Records for this exercise:
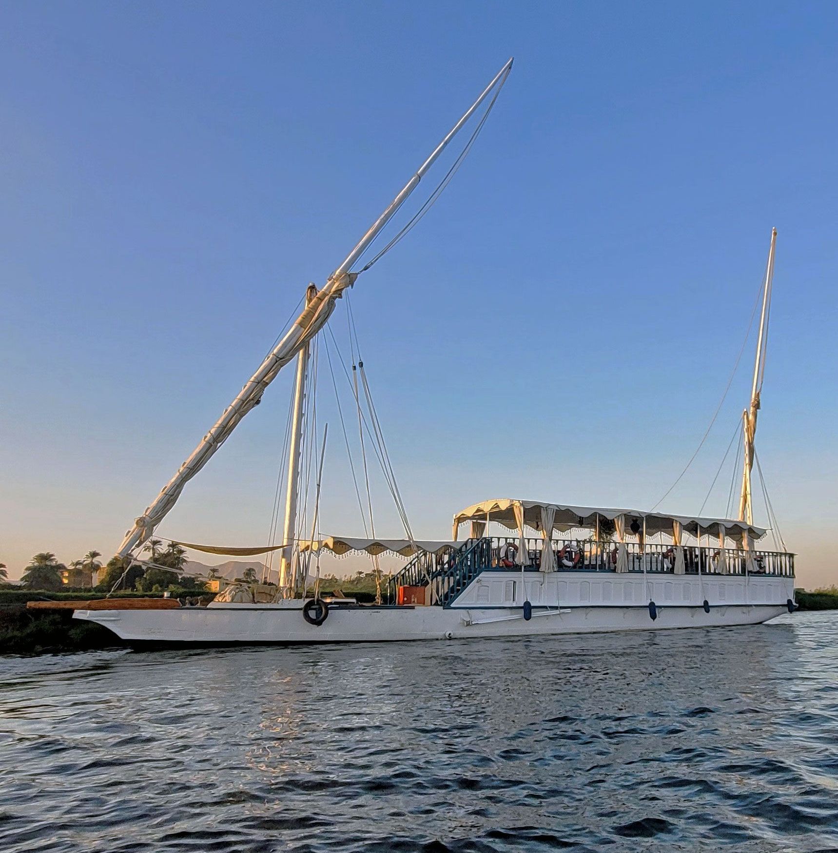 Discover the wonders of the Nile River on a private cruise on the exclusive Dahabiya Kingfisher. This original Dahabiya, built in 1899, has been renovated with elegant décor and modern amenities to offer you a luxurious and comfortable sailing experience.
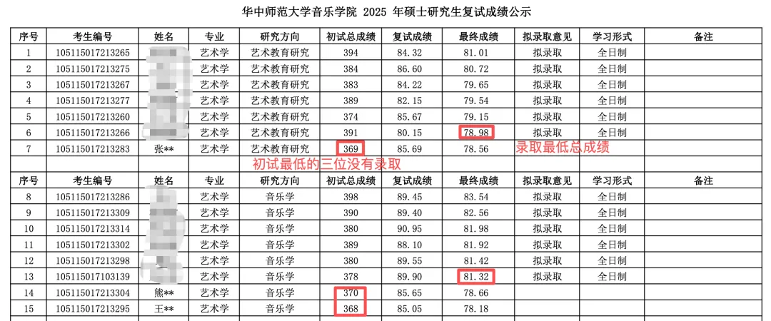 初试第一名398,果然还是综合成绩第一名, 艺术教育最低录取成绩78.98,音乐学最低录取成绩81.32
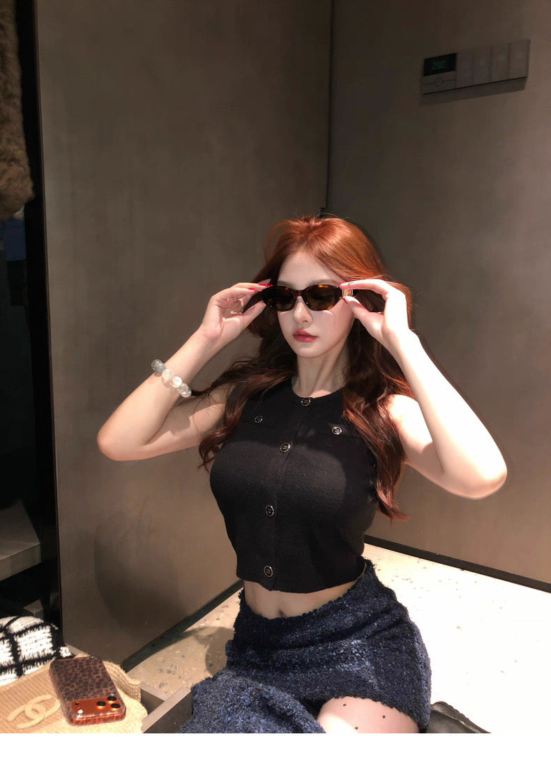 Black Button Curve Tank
---
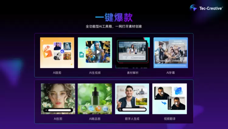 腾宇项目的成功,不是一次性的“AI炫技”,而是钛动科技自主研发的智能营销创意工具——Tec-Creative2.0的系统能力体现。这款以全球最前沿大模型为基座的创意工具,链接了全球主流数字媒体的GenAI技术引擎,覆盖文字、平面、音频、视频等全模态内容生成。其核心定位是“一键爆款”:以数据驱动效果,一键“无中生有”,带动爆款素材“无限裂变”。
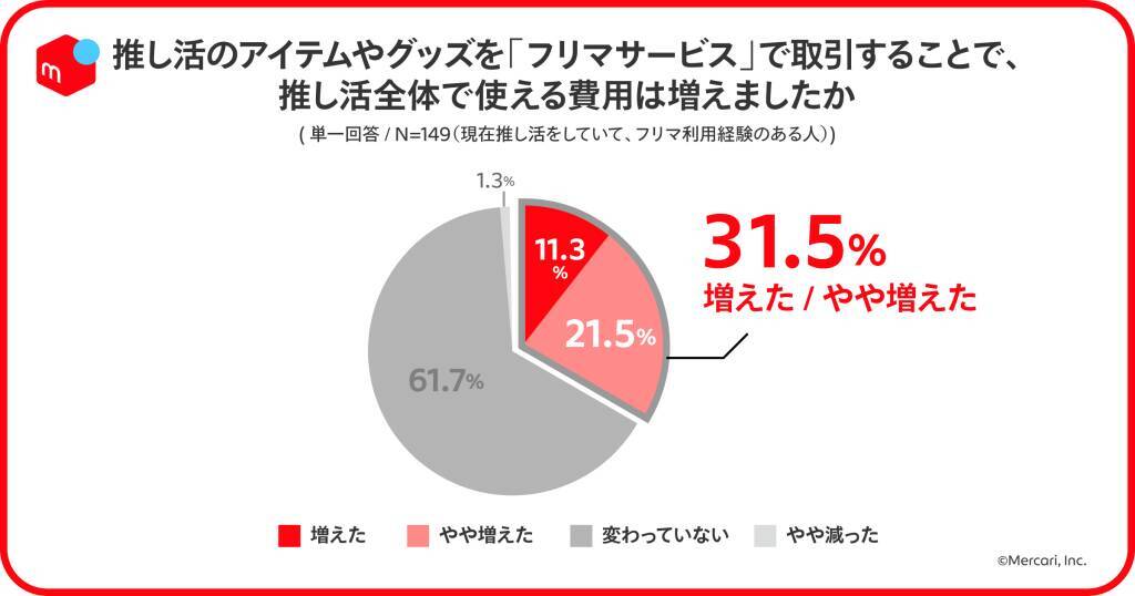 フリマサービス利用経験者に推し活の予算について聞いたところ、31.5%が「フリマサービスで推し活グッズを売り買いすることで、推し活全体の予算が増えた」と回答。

Task statement: Without the pictures, give again exactly the lines above starting at the line containing "Discover the wonders" and ending at the line containing "Black Button Curve Tank".

Answer to the exercise:
 Discover the wonders of the Nile River on a private cruise on the exclusive Dahabiya Kingfisher. This original Dahabiya, built in 1899, has been renovated with elegant décor and modern amenities to offer you a luxurious and comfortable sailing experience.
 初试第一名398,果然还是综合成绩第一名, 艺术教育最低录取成绩78.98,音乐学最低录取成绩81.32
 Black Button Curve Tank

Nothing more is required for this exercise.